Monsieur le Député européen Alain Lamassoure nous répond.


    Les souverainistes s’indignent de ce que le traité qui remplace le projet de constitution européenne rejeté par référendum puisse être soumis à une « simple » ratification parlementaire. S’agit-il d’une atteinte à la souveraineté populaire ? Non, pour trois types de raisons.

    1 – Dans le cas de la France, c’est le peuple lui-même, lors de l’élection présidentielle, qui a mandaté Nicolas Sarkozy pour renégocier un traité ordinaire, dont le candidat a répété à de nombreuses reprises qu’il le soumettrait au seul Parlement. La situation aurait été très différente si les Français avaient élu Madame Royal : elle proposait de négocier une nouvelle Constitution, à soumettre à un nouveau référendum. C’est bien pour faire trancher ce genre de décisions que la France a choisi de faire élire son Président au suffrage universel.

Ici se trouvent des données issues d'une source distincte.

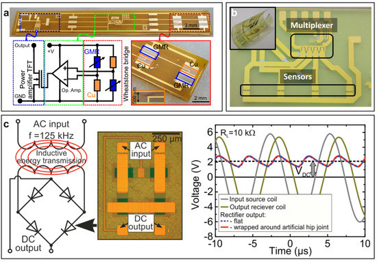 - Fuketa, H.; Yoshioka, K.; Yokota, T.; Yukita, W.; Koizumi, M.; Sekino, M.; Sekitani, T.; Takamiya, M.; Someya, T.; Sakurai, T. 30.3 Organic-transistor-based 2kV ESD-tolerant flexible wet sensor sheet for biomedical applications with wireless power and data transmission using 13.56MHz magnetic resonance. In Proceedings of the 2014 IEEE International Solid-State Circuits Conference Digest of Technical Papers, San Francisco, CA, USA, 9–13 February 2014. [Google Scholar] [CrossRef]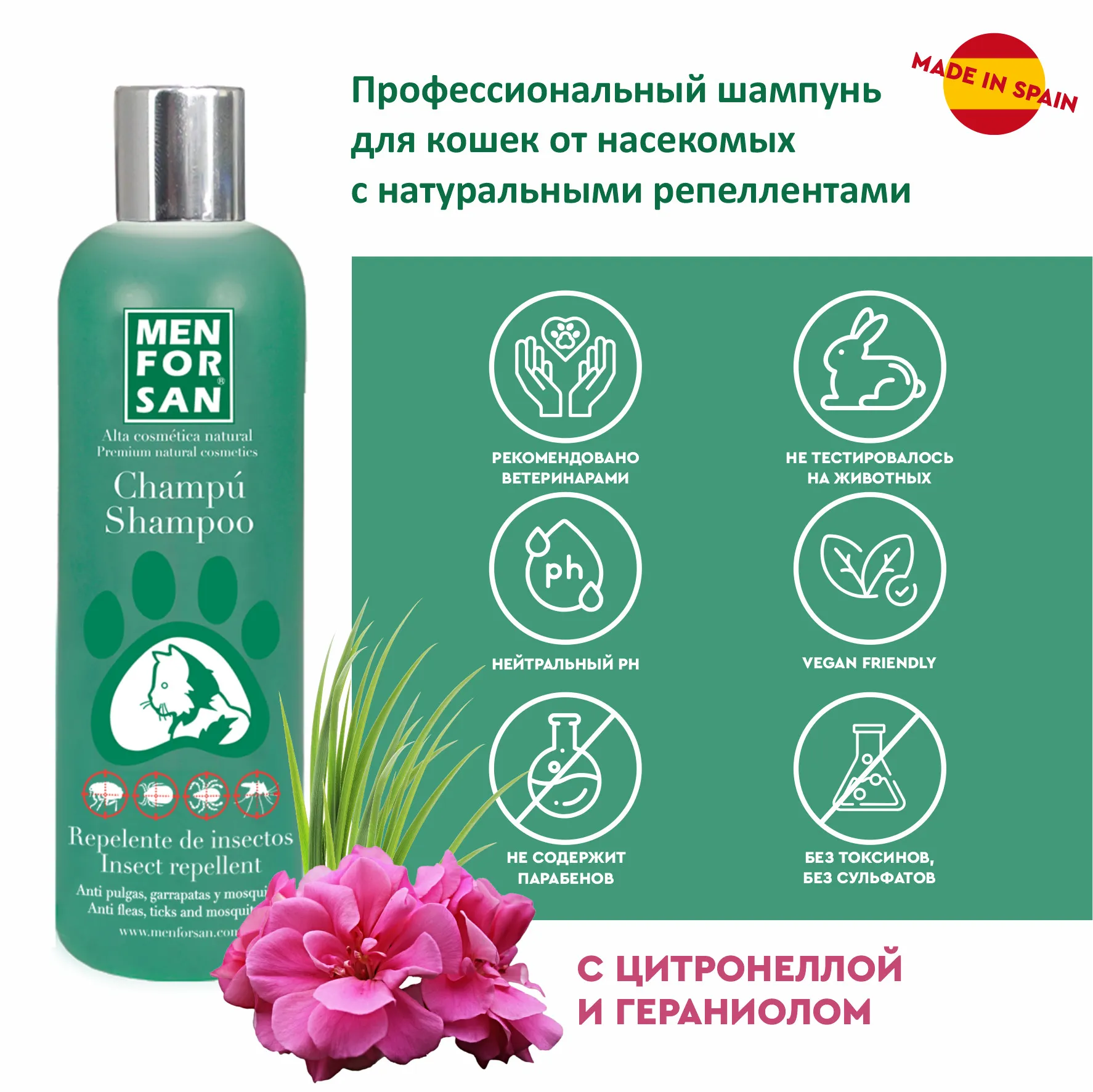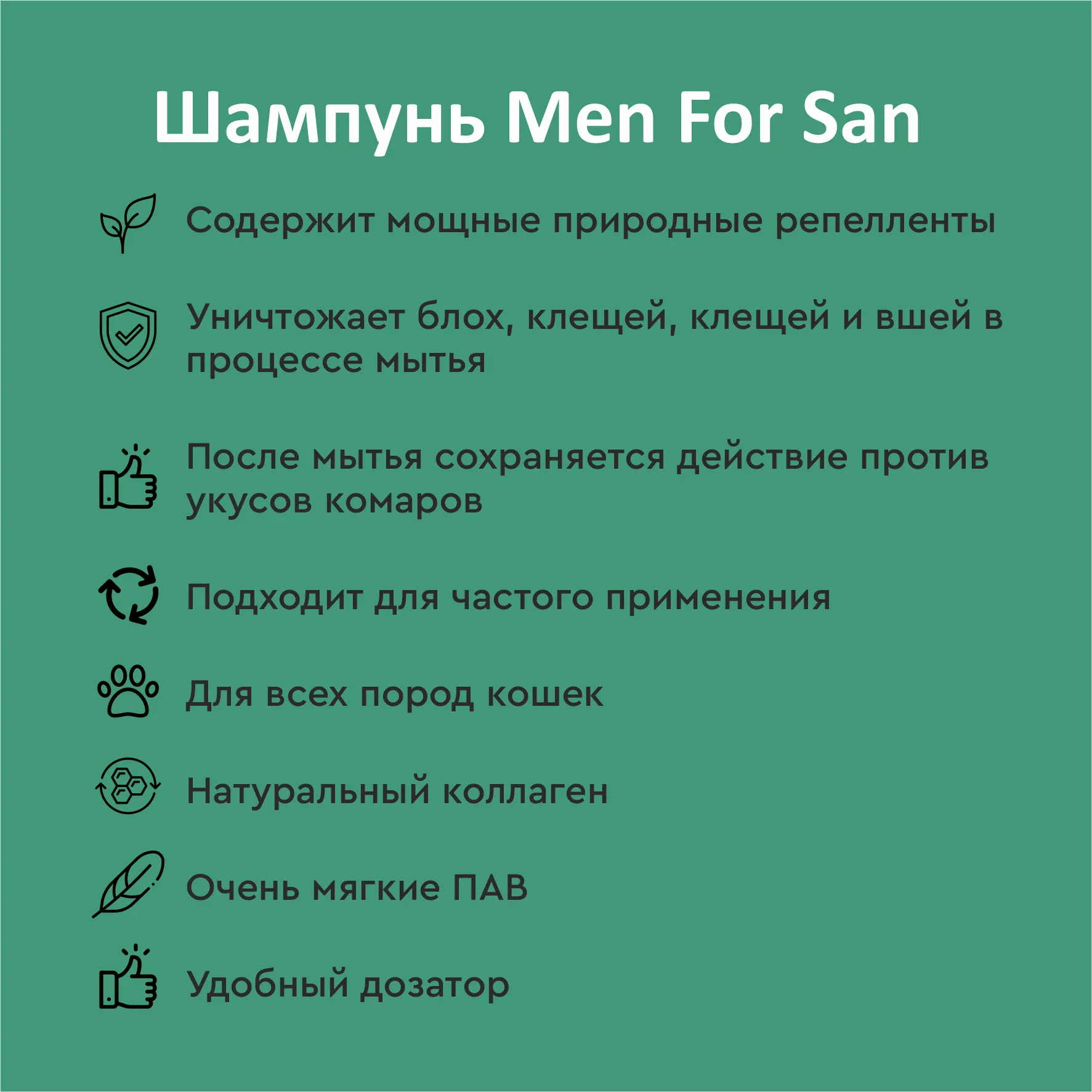 Профессиональный концентрированный шампунь Men for Sum для кошек с цитронеллой и гераниолом.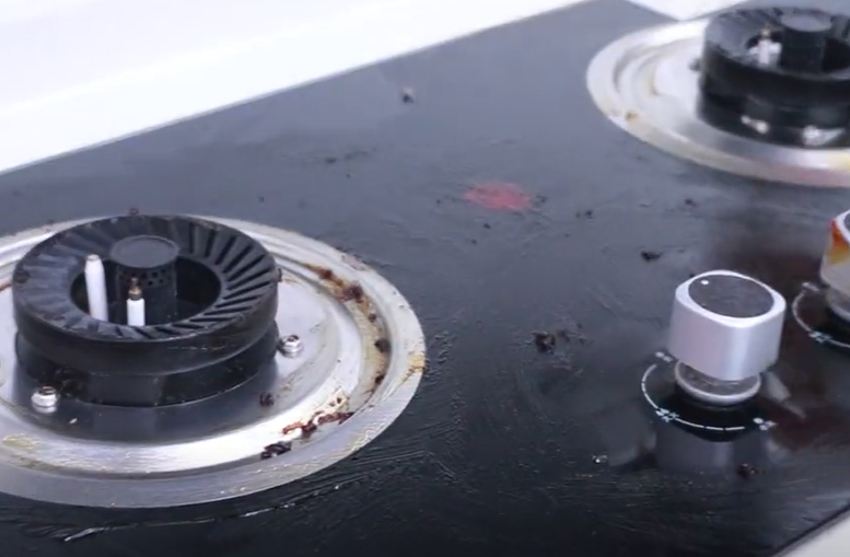 第一个用途就可以用来清洁灶台油污,效果非常的不错,大家可以看到灶台上有很多的油污垢,非常的脏,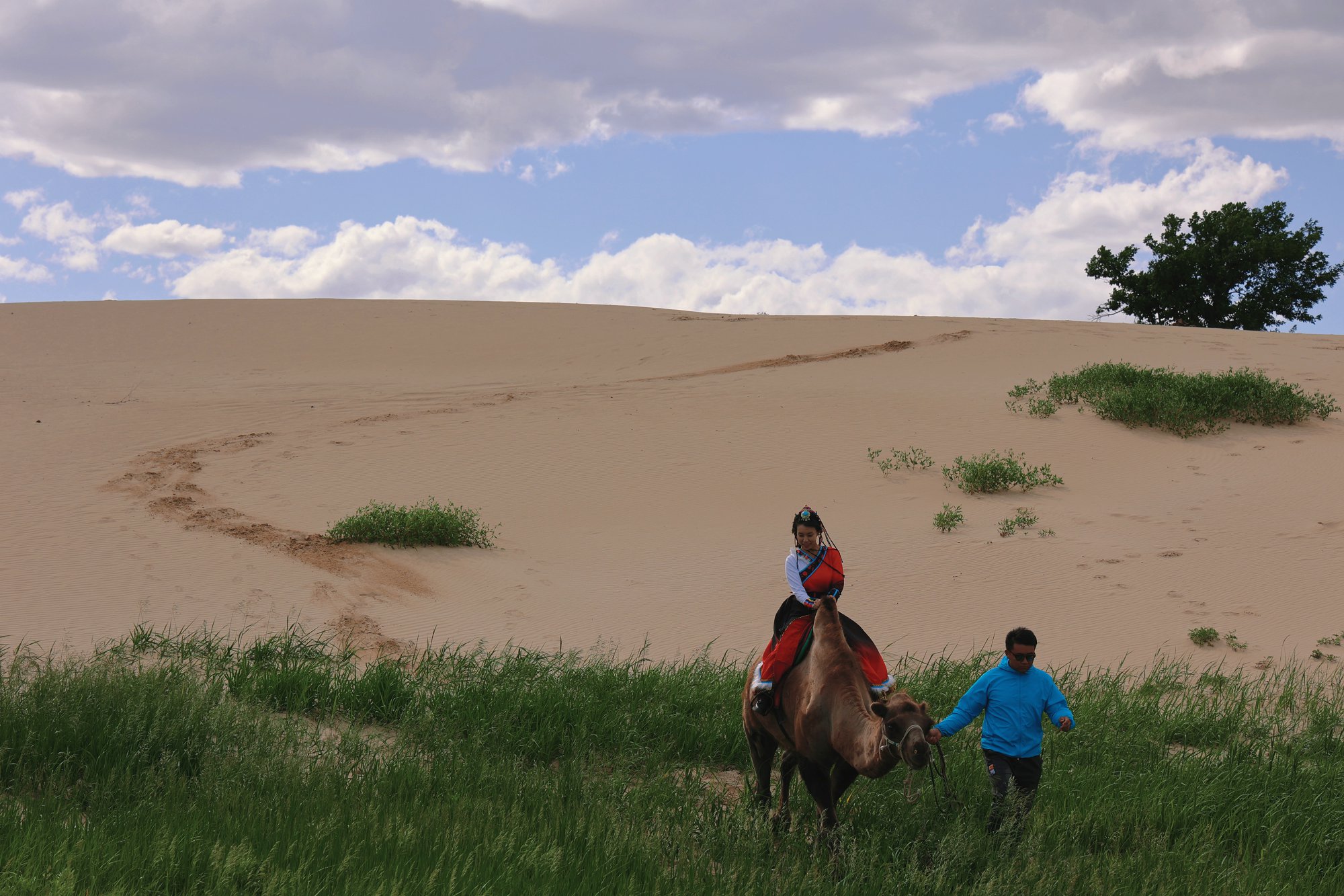 在骆驼骑乘区,女孩们纷纷换上景区提供的特色蒙古服装,与骆驼合影,并在工作人员的牵引下,骑着它在沙丘上走上一走,体会下沙漠骑乘的乐趣。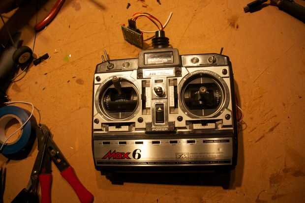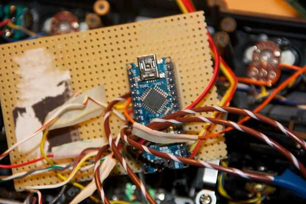 He comprado a un viejo, 35MHz transmiiter con no cystals y no receptor de eBay por £16. Luego lo abrió y quitar la Junta vieja del transmisor. Entonces alambré el potenciómetro para cada control a 5V y GND, la conexión del pasado; centro uno, fue conectado al pin analógico es en el arduino. Si desea incorporar más potenetiometers de 8 entonces deberás usar un arduino más grande o una viruta del multiplexor, que puede confundirse.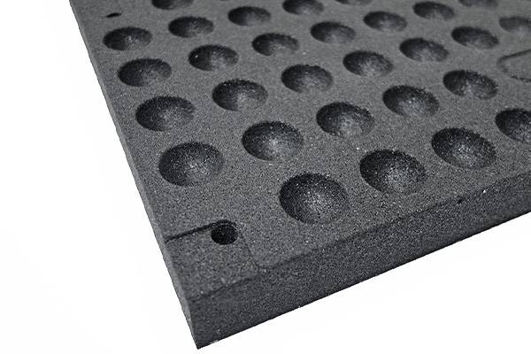 裏面の特殊な凹凸加工により振動・騒音を軽減し、高重量の物を落とした時に床に響かなくなっております。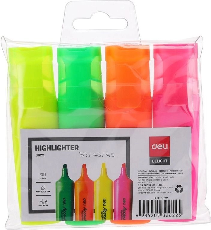 Маркер текстовой 1-5 мм, скошенный наконечник, 4 цвета в наборе DELI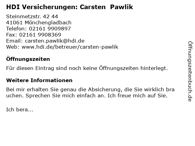 Öffnungszeiten HDI Versicherungen: Carsten Pawlik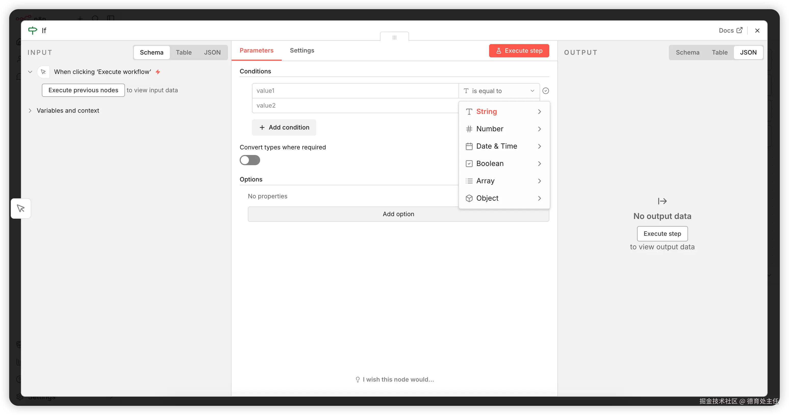 首先需要确定你要比较的数据类型,n8n 提供了以下几种常见类型:

    2 – La procédure du référendum n’est ni la seule expression de la volonté populaire, ni même la meilleure. Selon la question posée et selon le contexte politique général, elle peut être une excellente procédure démocratique, ou, au contraire, le moyen de légitimer tous les abus de pouvoir. Ce n’est pas un hasard si c’est l’instrument favori de toutes les dictatures, et si des démocraties exemplaires le bannissent au niveau national (Allemagne, Etats-Unis, Belgique), ou n’y recourent que très exceptionnellement (Royaume-Uni, Espagne, Pays-Bas), ou l’encadrent dans une réglementation très stricte (Italie, Suisse, certains Etats des USA).
    La grande faiblesse du référendum est qu’il ne permet aucun amendement : le texte est à prendre ou à rejeter en bloc. Plus il est long et complexe, moins le référendum est la procédure adaptée. C’est alors au Parlement d’agir, avec sa faculté de débattre publiquement, et d’apporter d’éventuelles modifications. S’il n’y a pas eu de « plan B » après le référendum du 29 mai 2005, c’est qu’entre les trotskistes, José Bové, Fabius et le Front national, les tenants du « non » étaient bien incapables de se mettre d’accord sur une rédaction alternative ! En revanche, le référendum est bien adapté lorsqu’il s’agit d’un choix politique majeur, engageant durablement la nation, comportant à l’évidence deux solutions opposées claires et compréhensible par tous : déclaration d’indépendance du pays, remplacement de la monarchie par la république, abandon de la conscription militaire, remplacement de la monnaie nationale par l’euro, abandon de la peine de mort …

    3 – Enfin, il faut bien comprendre que, dans le cadre européen, le recours à des référendums nationaux pose un problème particulier : que faire si certains pays répondent « oui » et d’autres « non » à la même question ? Pourquoi la souveraineté populaire de la France serait-elle supérieure à celle de l’Espagne, ou inversement ? C’est pourquoi, à mon sens, le moment est venu de se mettre d’accord, entre Européens, sur le principe suivant : ou bien un nouveau traité correspond à une simple modification des traités existants, et la ratification parlementaire est alors préférable (cas du traité de Lisbonne). Ou bien, il s’agit d’un vrai changement de nature de l’Union (par exemple, le jour où on lui transfère la pleine compétence en matière de politique étrangère et de défense), et il faut alors soumettre le texte, non pas à un référendum ici et là, mais à 27 référendums organisés dans tous les pays le même jour. En annonçant à l’avance que ceux où le « non » l’emporte ne participeront évidemment pas à la nouvelle Union, mais n’auront pas le pouvoir d’empêcher les autres de le faire : de même, le peuple danois était parfaitement libre de refuser l’euro pour son propre usage, mais au nom de quoi aurait-il eu le pouvoir d’empêcher l’Allemagne, la France et leurs voisins de fusionner leurs propres monnaies ? Cela fait partie des règles dont la démocratie d’échelle européenne, encore dans l’enfance, devrait maintenant se doter.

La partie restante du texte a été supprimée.